The DiMasos’ case attracted some national attention because it was the first to take place against the backdrop of the U.S. Supreme Court’s decision in State Farm Mutual Automobile Insurance Co. v. Campbell. In that decision, the justices called for “vigorous judicial scrutiny of punitive damages awards.”
Ford’s lawyer, Donald H. Dawson Jr. of Dawson & Clark in Detroit, said the jurors seemed to subscribe to a common sense assessment of how a car should behave. The DiMasos’ car had hit the median, he said, and rather than braking or pulling the car off the road, the driver jerked the wheel back and forth.
Also representing Ford were Charles K. Reed and Michael R. Boorman of McKenna Long & Aldridge and Rosewell Page III of McGuireWoods in Richmond, Va.
Plaintiffs’ lawyer Eric J. Hertz of Hertz Link & Smith and Sweeney Merrigan Law said he still thinks he had a strong case. The circumstances just weren’t right for a win, he said. Hertz helped try the case with his partner, Mark D. Link, and with lead counsel James A. Lowe of Cleveland’s Lowe Eklund Wake-field & Mulvihill.

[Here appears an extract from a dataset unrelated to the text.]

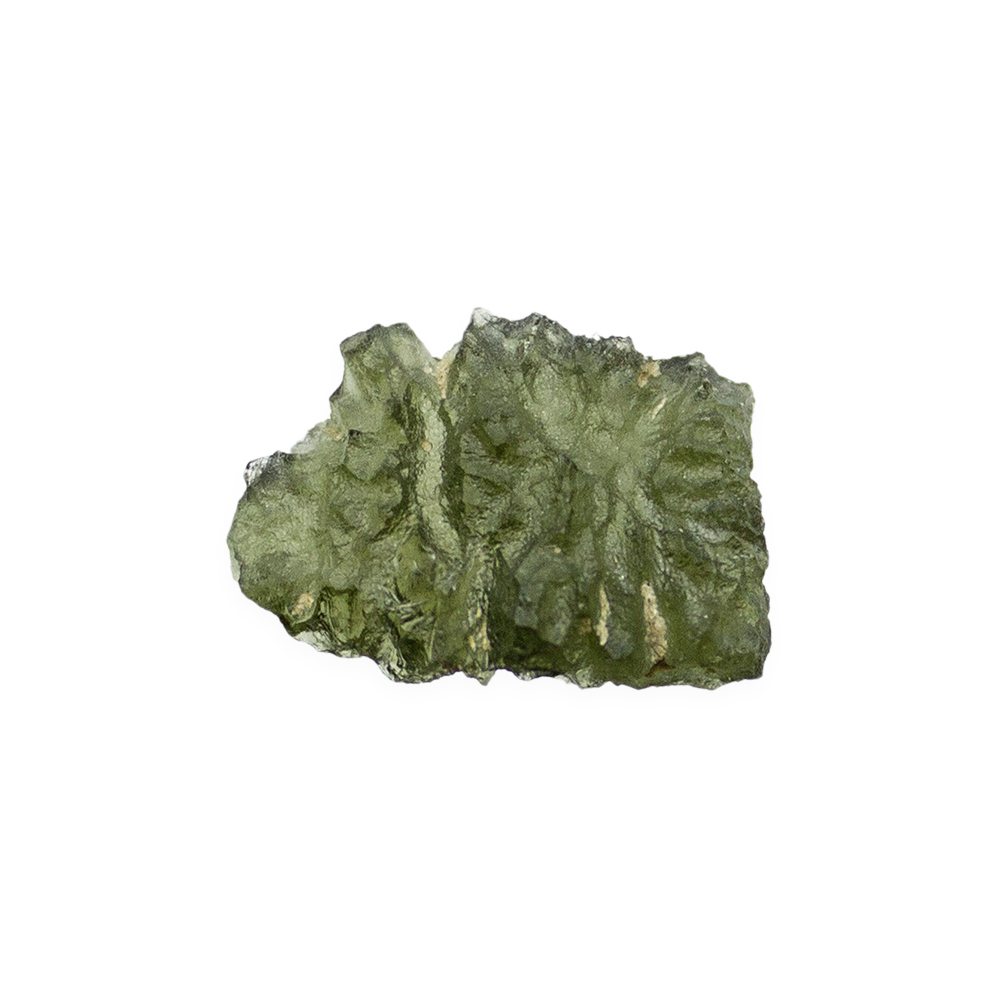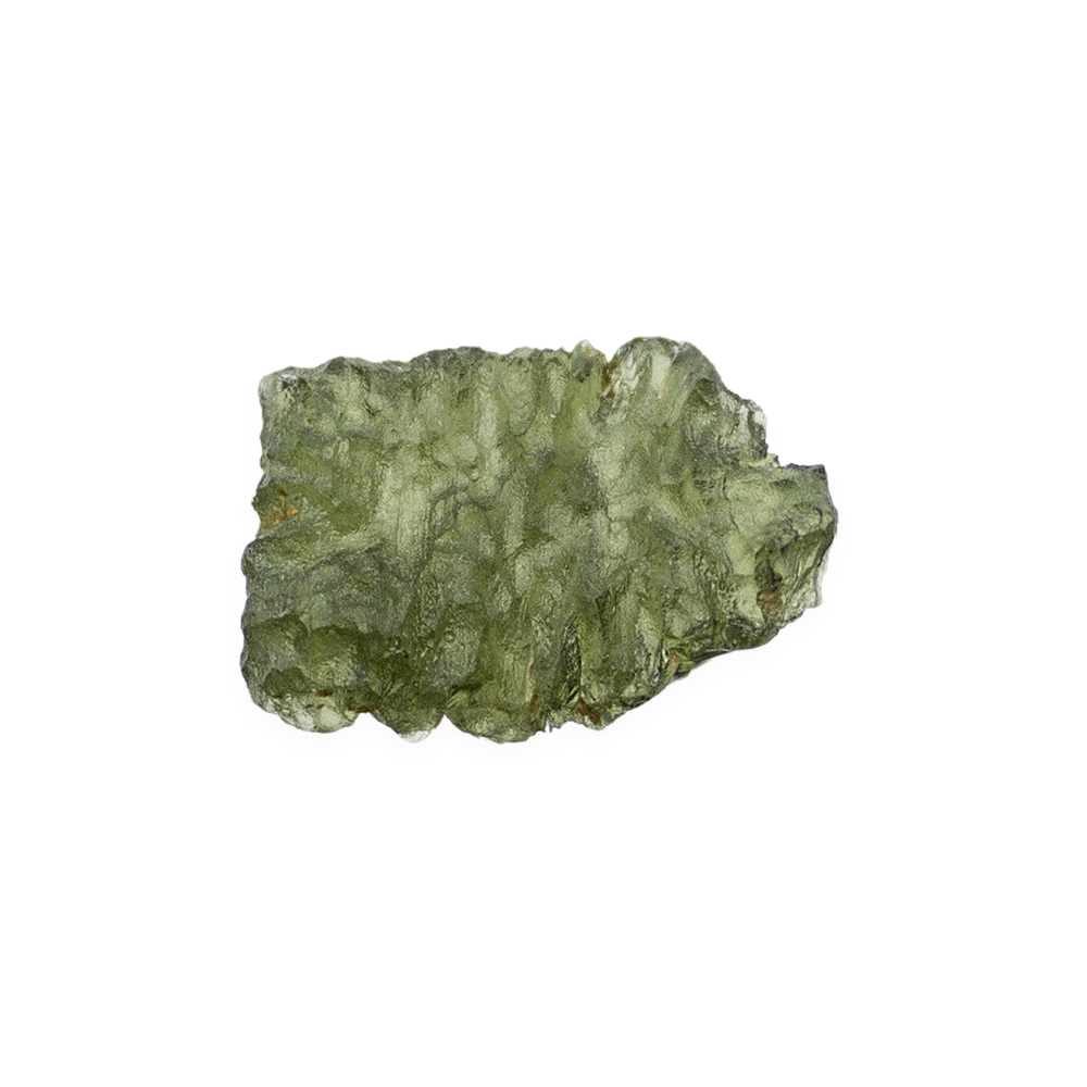 Description: Moldavite Rough. Moldavite is a type of tektite, which is a natural glass that forms when a meteorite impacts the Earth’s surface. It is characterized by its unique green color, often described as a translucent or olive-green shade. It has a distinct, rough texture with natural ridges and indentations.
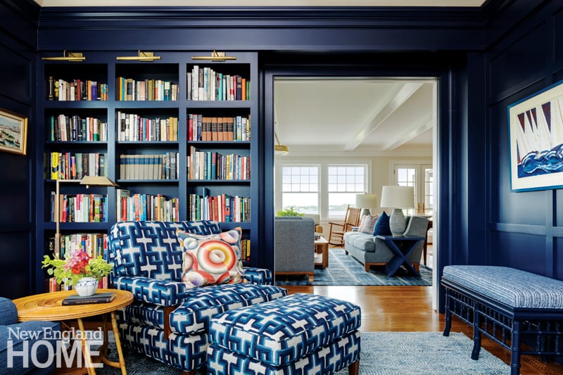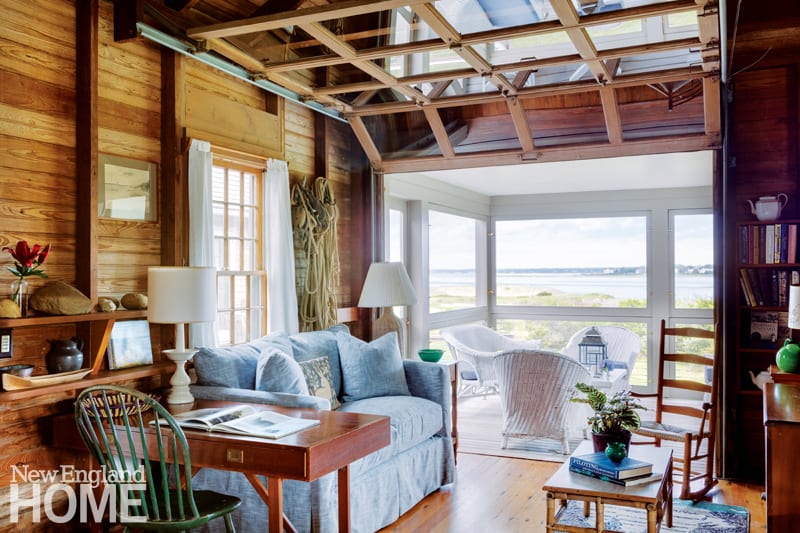 No part of the house fits that description better than the recycled cottage. Self-contained, with its own kitchen, living area, bedroom, and screened porch, it remains uninsulated, joined to one of the first-floor guest rooms via an exterior door that closes it off in winter. Knowing her clients’ affection for its rusticity, Wells changed only the upholstery on the existing furniture. Before emptying the cottage in order to move it (it was temporarily relocated so that the framing for the new house could be built), she and designer Marianthi Thomas painstakingly documented its interior.

As it turned out, the State Farm decision affected only pretrial maneuvering in the DiMasos’ case. In pretrial motions, Ford’s lawyers sought to limit testimony about the company’s finances and about sales of the Explorer outside of Georgia.
The defense tried to distinguish their claim from the one against State Farm in State Farm by pointing out that the company had written state-specific policies but was punished for its behavior in jurisdictions other than the one in which it stood trial. In the DiMasos’ case, however, Ford sold the same product in all 50 states, and the vehicles – including the one the DiMasos owned – crossed state lines.
The defense received a partial victory. Prodgers excluded testimony about sales of the Explorer outside of Georgia, but he decided to allow testimony about Ford’s finances should the trial reach the punitive damages stage.
Without the pressure of the State Farm decision, the DiMasos brought a fairly standard products liability case.
On Dec. 15, 1996, Vittorio DiMaso was leading a three-vehicle caravan from Illinois to the family’s new home in Florida. Vittorio DiMaso led the way in his 1992 Explorer. His wife followed in another car, and her parents came last in another vehicle.
The family was traveling south on Interstate 75 when Vittorio DiMaso switched lanes from right to left. The plaintiffs claimed he did this to avoid another car, though the defense disputed that. The Explorer slid off the highway into the median, and DiMaso jerked the SUV back to the right.
Then DiMaso corrected again, yanking the steering wheel back to the left. The Explorer went into a slide, then rolled down the center of the southbound lanes. It rolled onto the median, where it came to a stop on its roof.
DiMaso’s son Francesco was wearing his seat belt and was uninjured in the crash. But DiMaso was tossed out of the SUV when it flipped; he severed his spine and now suffers incurable quadriplegia, according to the complaint.
The defense contended, on the basis of a police report, that DiMaso had not been wearing his seat belt when he crashed. The plaintiffs argued that their client had been belted in, but the belt had broken in the force of the wreck.
But during trial, Hertz said, the plaintiffs thought they were doing well. At one point, according to Hertz, Ford offered a settlement, and the plaintiffs refused. He declined to specify the size of the offer, saying only that it was too small and that the plaintiffs turned it down because they thought they were going to win.
Ford spokeswoman Kathleen Vokes said the DiMaso victory marks the eighth time Ford has won a products liability case alleging defects in the Explorer. No case, she said, has successfully shown the Explorer to have a defect.
Hertz said that despite the long string of defense verdicts for Ford in these cases, he intends to keep after the car company. There was strong evidence at trial, he said, that the Explorer DiMaso drove “had some stability problems.”